Set down the entries below exactly, leaving out all images.

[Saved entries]
----

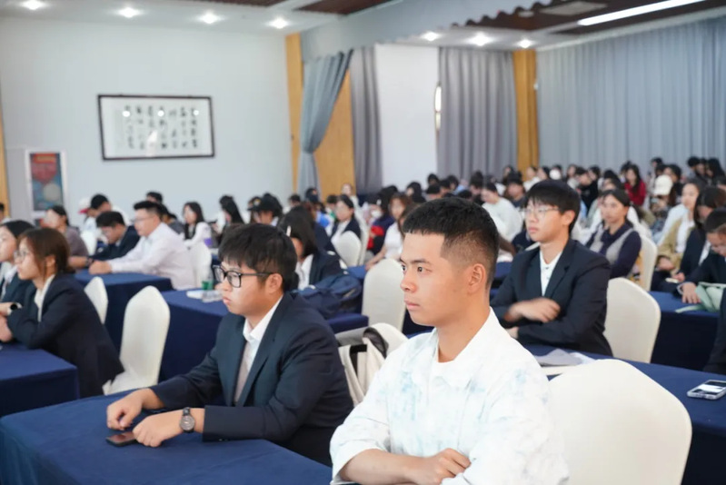 林梦校友讲述了自己的在校经历与工作经验。因自身从事外贸工作,她认为外语在今后的工作中起到重要作用。对于跨专业就业,她有着独到的见解,并建议同学们提前了解并参与招会等与职业规划相关的信息。
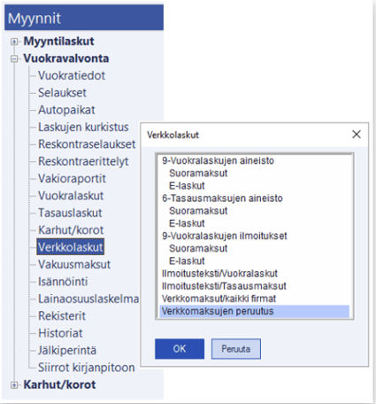 Kun laskun poisto tehdään näin, lasku poistuu samalla myös reskontrasta. Jos asiakas on maksanut vuokran etukäteen ja hänelle on lähetetty turhaan pankkiin E-lasku tai suoramaksu, voidaan pankkiin lähettää laskun peruutussanoma. Näin tehtynä lasku ei poistu reskontrasta, ainoastaan pankkiin lähetetty turha lasku saadaan poistettua. Valitse Verkkolaskut/Verkkolaskujen peruutus.
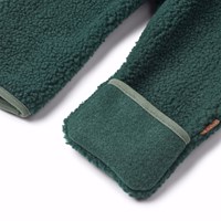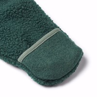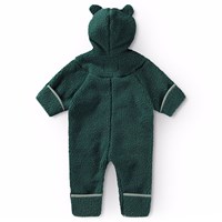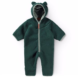 Mørkegrøn fleecedragt til den mindste. Dragten har praktisk lynlåslukning, hætte med påsyede små bamseører og lysegrønne kanter. Fleecedragten virker isolerende, og kan derfor bruges alene eller som et ekstra lag under flyverdragten på de koldeste dage.
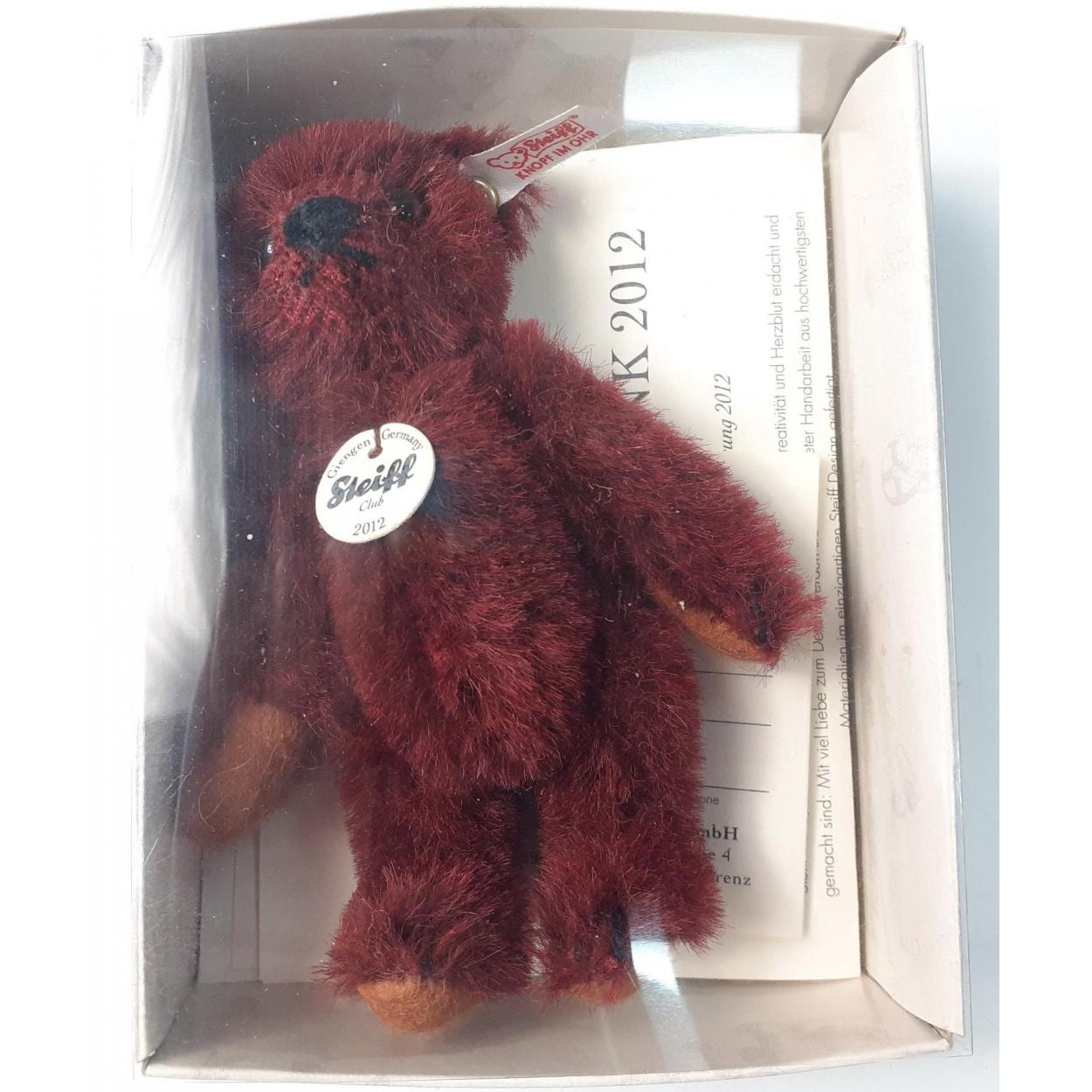 A STEIFF CLUB 2012 burgundy teddy bear in its box, stands 10cm high with certificate
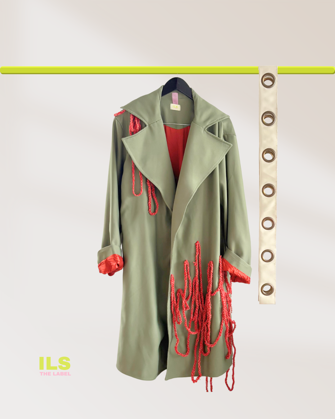 This distinctive trenchcoat exemplifies thoughtful upcycling, transforming vintage curtain fabric into a refined outerwear piece. The structured silhouette maintains classic trench proportions while the repurposed textile foundation carries its own narrative of sustainability. Embellished with reclaimed wool accents, each detail reinforces the garment's commitment to circular design. A statement piece for those who value craftsmanship and environmental consciousness, ETM N.04 merges timeless tailoring with contemporary values.

----

▸ SOLUTION TO THE EXERCISE
 林梦校友讲述了自己的在校经历与工作经验。因自身从事外贸工作,她认为外语在今后的工作中起到重要作用。对于跨专业就业,她有着独到的见解,并建议同学们提前了解并参与招会等与职业规划相关的信息。
 Kun laskun poisto tehdään näin, lasku poistuu samalla myös reskontrasta. Jos asiakas on maksanut vuokran etukäteen ja hänelle on lähetetty turhaan pankkiin E-lasku tai suoramaksu, voidaan pankkiin lähettää laskun peruutussanoma. Näin tehtynä lasku ei poistu reskontrasta, ainoastaan pankkiin lähetetty turha lasku saadaan poistettua. Valitse Verkkolaskut/Verkkolaskujen peruutus.
 Mørkegrøn fleecedragt til den mindste. Dragten har praktisk lynlåslukning, hætte med påsyede små bamseører og lysegrønne kanter. Fleecedragten virker isolerende, og kan derfor bruges alene eller som et ekstra lag under flyverdragten på de koldeste dage.
 A STEIFF CLUB 2012 burgundy teddy bear in its box, stands 10cm high with certificate
 This distinctive trenchcoat exemplifies thoughtful upcycling, transforming vintage curtain fabric into a refined outerwear piece. The structured silhouette maintains classic trench proportions while the repurposed textile foundation carries its own narrative of sustainability. Embellished with reclaimed wool accents, each detail reinforces the garment's commitment to circular design. A statement piece for those who value craftsmanship and environmental consciousness, ETM N.04 merges timeless tailoring with contemporary values.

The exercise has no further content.